The old adage might say, “it's not about the destination, it's about the journey.” However, the New York Mets will find that difficult to believe at the moment, especially in the aftermath of the upset NL Wild Card round series defeat they suffered at the hands of the San Diego Padres. After winning 101 games and having high hopes to go deep into the postseason, manager Buck Showalter, among others, knows just how much a loss of this gravity hurts.
Showalter, in particular, lamented that despite the Mets' hard work all season long, October baseball is a different animal that punishes teams for slipping up at exactly the wrong moment.
“It’s like I just told them: It’s not always fair,” Showalter said, per The Athletic (subscription required). “It’s cruel. It really is. […] It’s such a roll of the dice in October.”
There might not be a postseason in major North American sports as unforgiving as baseball's. MLB's regular season runs almost non-stop for six straight months and athletes put their bodies in unfathomable grinds in an attempt to suit up for 162 games (or for 30-plus starts, in the case of starting pitchers), only for their fate to be decided by three games, like the Mets experienced.
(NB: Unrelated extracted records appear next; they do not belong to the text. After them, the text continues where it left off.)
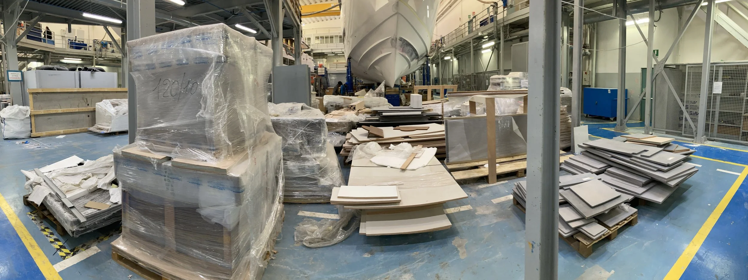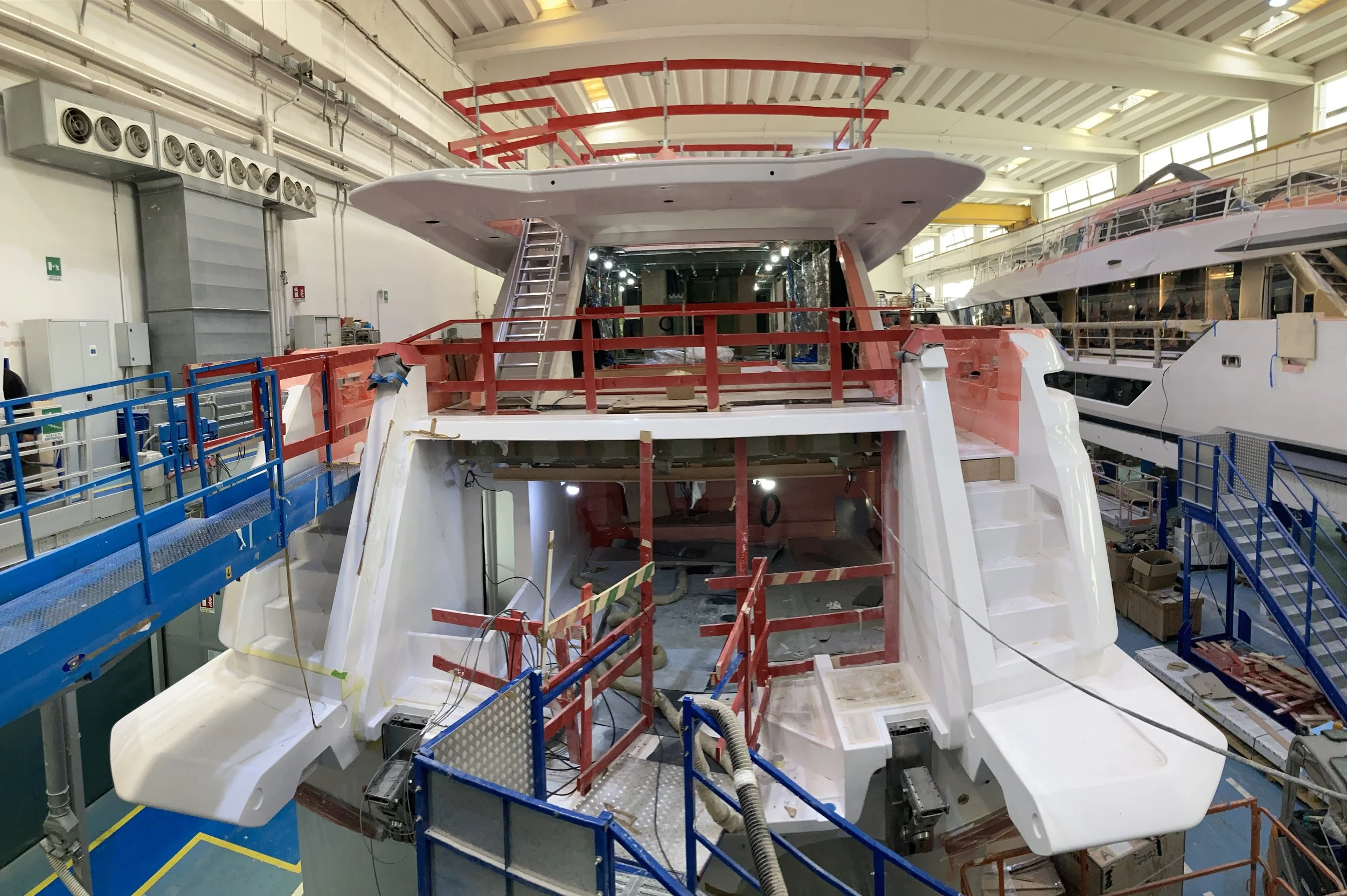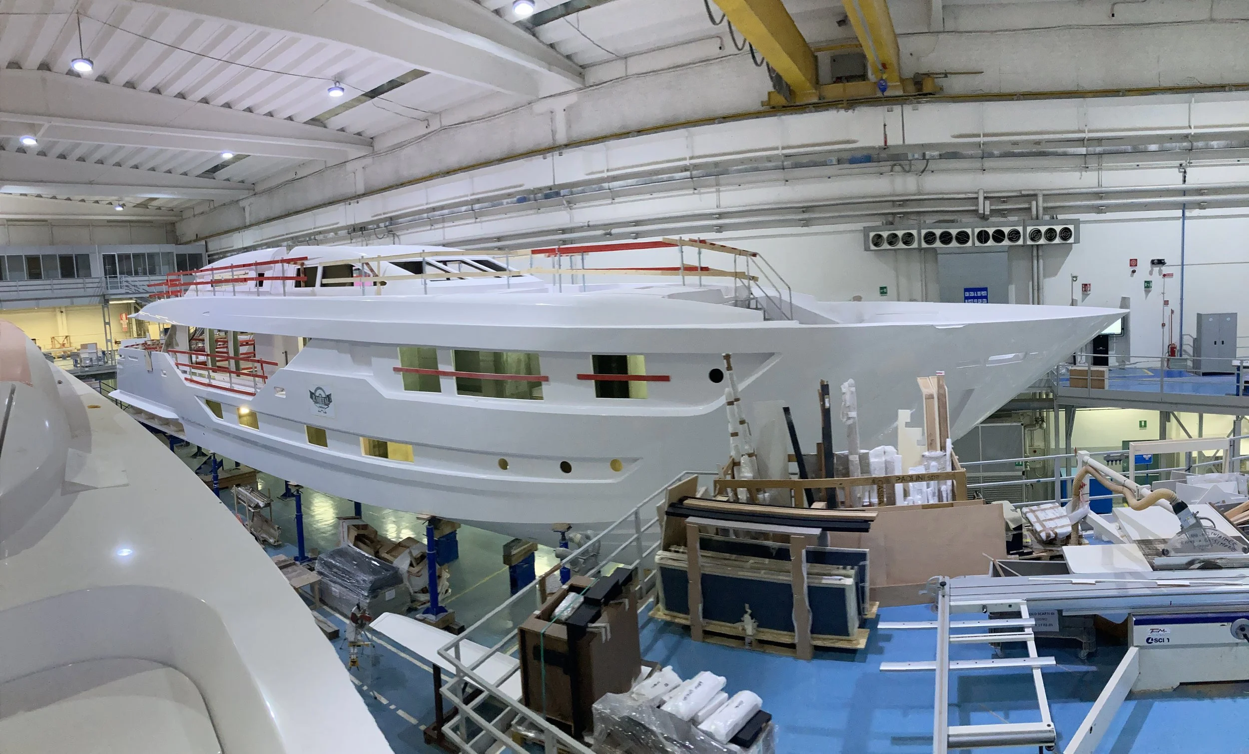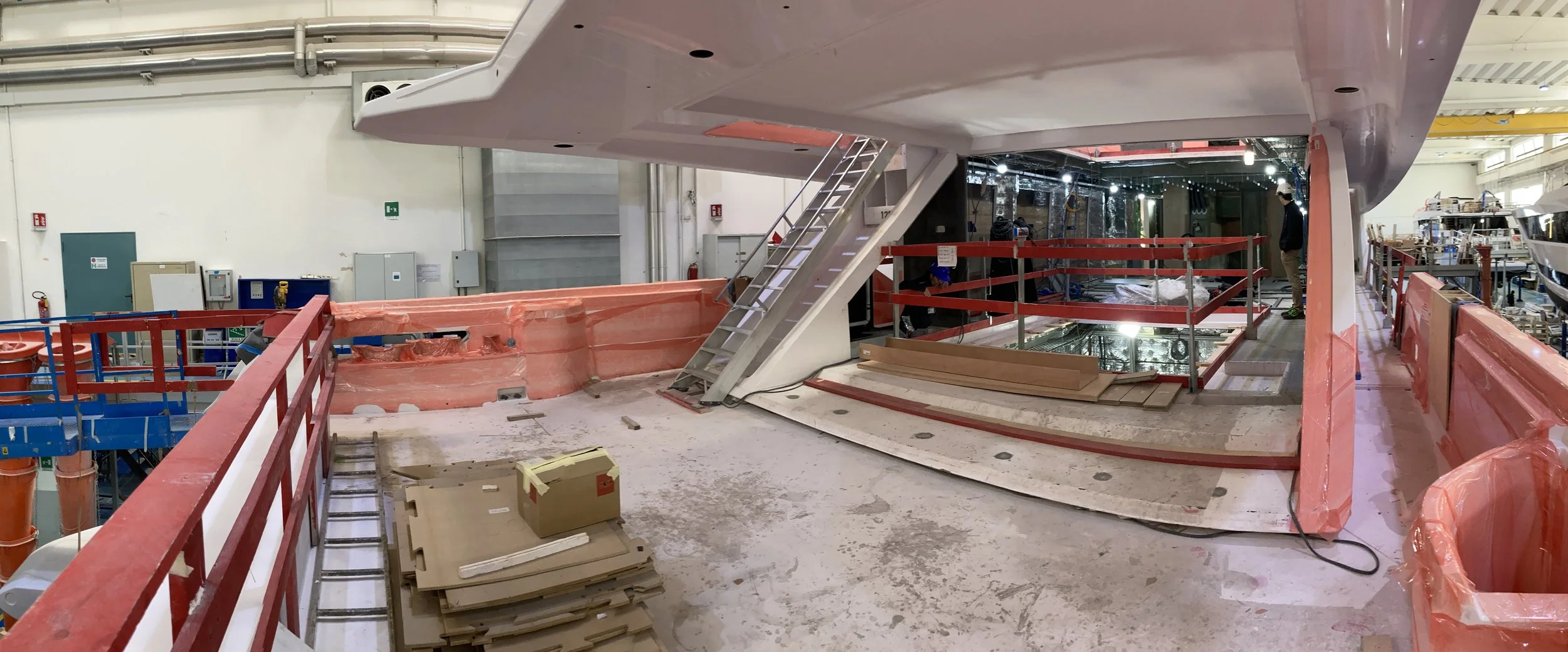 •The outfitting is taking place at the Custom Line/Ferretti facilities in Ancona.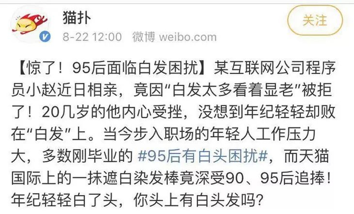 现在很多人生活压力大,不良的饮食作息,不到中年也开始有白头发。更有95后因为白发太多,被相亲对象嫌老,遭到拒绝上了热搜。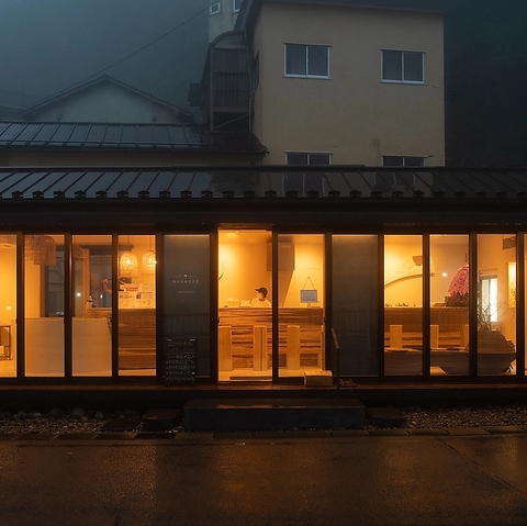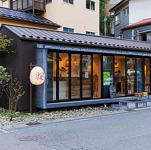 福島県産の杉材をふんだんに使用した店内は、足を踏み入れた瞬間に木の香りが広がる癒やしの空間です◎大きな窓からは荒川の清流や四季折々の山々を眺めることができ、開放感は抜群♪モダンながらも温かみのある内装は、温泉街の散策途中にふらりと立ち寄りたくなる心地よさです。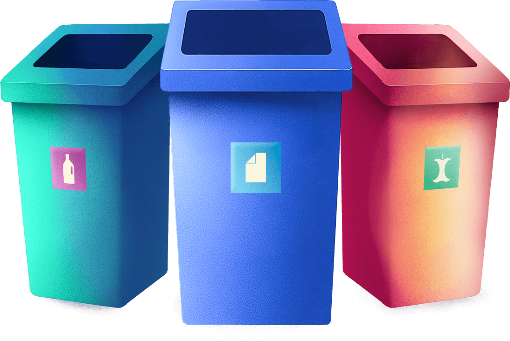 Það hvetur til flokkunar ef ílát fyrir helstu úrgangsflokka eru fallega upp sett í miðrými og/eða þar sem ruslið fellur til, t.d. pappírstunna við prentarann.
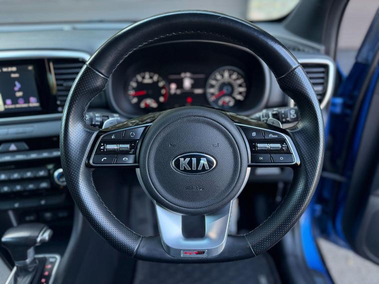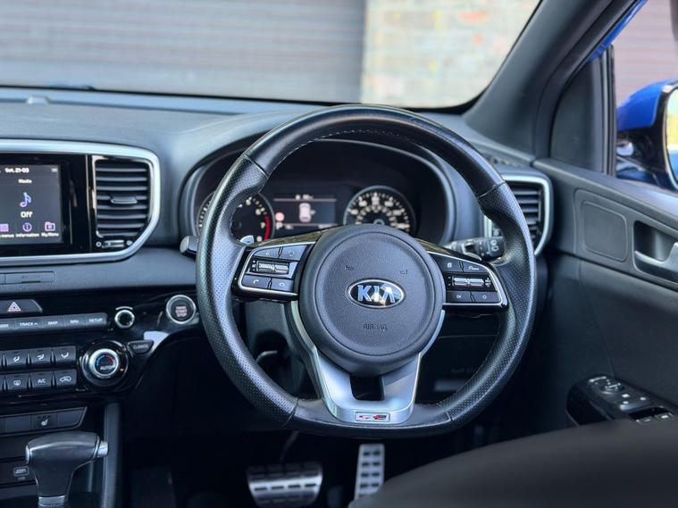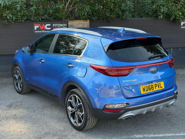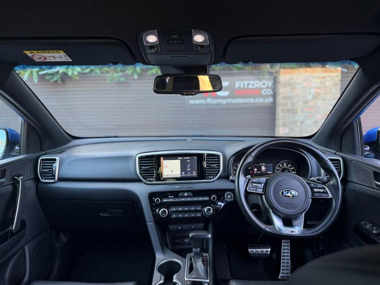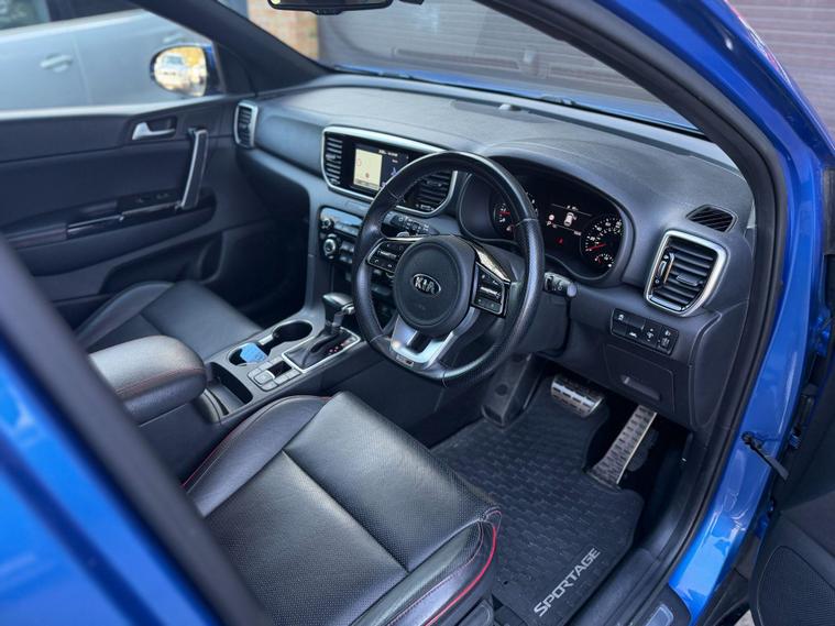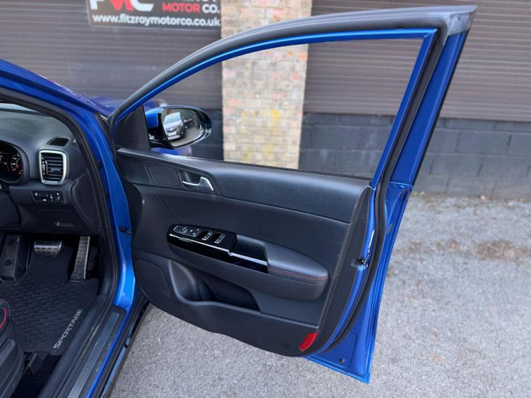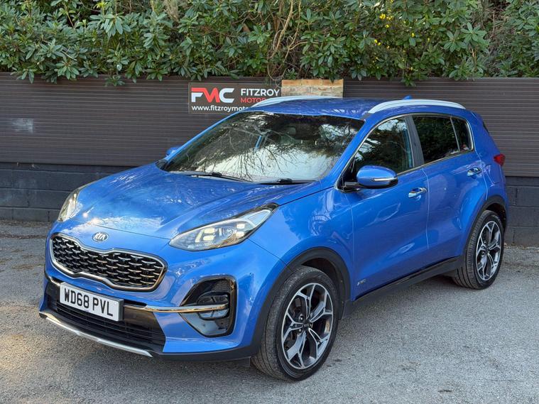 We are delighted to offer this Kia Sportage 1.6 GT Line DCT Petrol Automatic, a stylish and well equipped SUV that combines sporty design, comfort, and modern technology. Supplied with a full service history and 2 keys, this Sportage has been well maintained and presents very well throughout.Finished in blue with diamond cut alloy wheels and rear privacy glass, this GT Line model has a strong and sporty road presence. The smooth automatic gearbox paired with the responsive 1.6 petrol engine delivers a comfortable yet engaging driving experience, making it ideal for both daily use and longer journeys.Inside, the cabin is finished in black leather with heated seats, offering excellent comfort for driver and passengers. It is well equipped with lane assist, cruise control, Apple CarPlay, Bluetooth audio and handsfree connectivity, along with DAB, FM and AM radio. Parking is made easy with a reversing camera and parking sensors, while features such as auto hold and selectable drive modes add to the overall driving experience.This Kia Sportage GT Line offers a great balance of style, performance, and practicality, making it an excellent all round family SUV.At Fitzroy Motor Co, all our vehicles are hand picked and purchased directly from private customers. Every vehicle is HPI clear with a report provided for your peace of mind. Each car undergoes a thorough inspection and is prepared for same day pickup. If a vehicle has six months or less MOT remaining, we provide a fresh 12 month MOT.Nationwide delivery is available from £149 and finance options are available from 8.9 percent APR with zero deposit plans.We are open seven days a week. Call us on 01425318542 to arrange a viewing or test drive..

Nonetheless, Buck Showalter and the Mets' feelings of agony are only exacerbated by how they held the keys to their season over the past week or so. They could have avoided the Wild Card round altogether, but they ended up getting swept by division rivals Atlanta Braves, which proved to be the domino that kicked off their undoing.
Unluckily for them, the bats just couldn't get anything going against the Padres, and the vaunted Mets pitching, which was supposed to be led by Max Scherzer, just couldn't make up for their lackluster offensive production. Out of answers, Buck Showalter tried to do everything in his power to rally his troops, to no avail.
“We certainly weren’t having much luck the way it was going, that’s for sure,” Showalter added.
The Mets could be looking at a huge roster turnover next season, with crucial players such as Jacob deGrom, Edwin Diaz, and Brandon Nimmo set to enter free agency. Hopefully for Mets fans, Buck Showalter could rekindle their 2022 magic for next season in spite of all the changes and uncertainties that await them in the wake of their season's disappointing finish.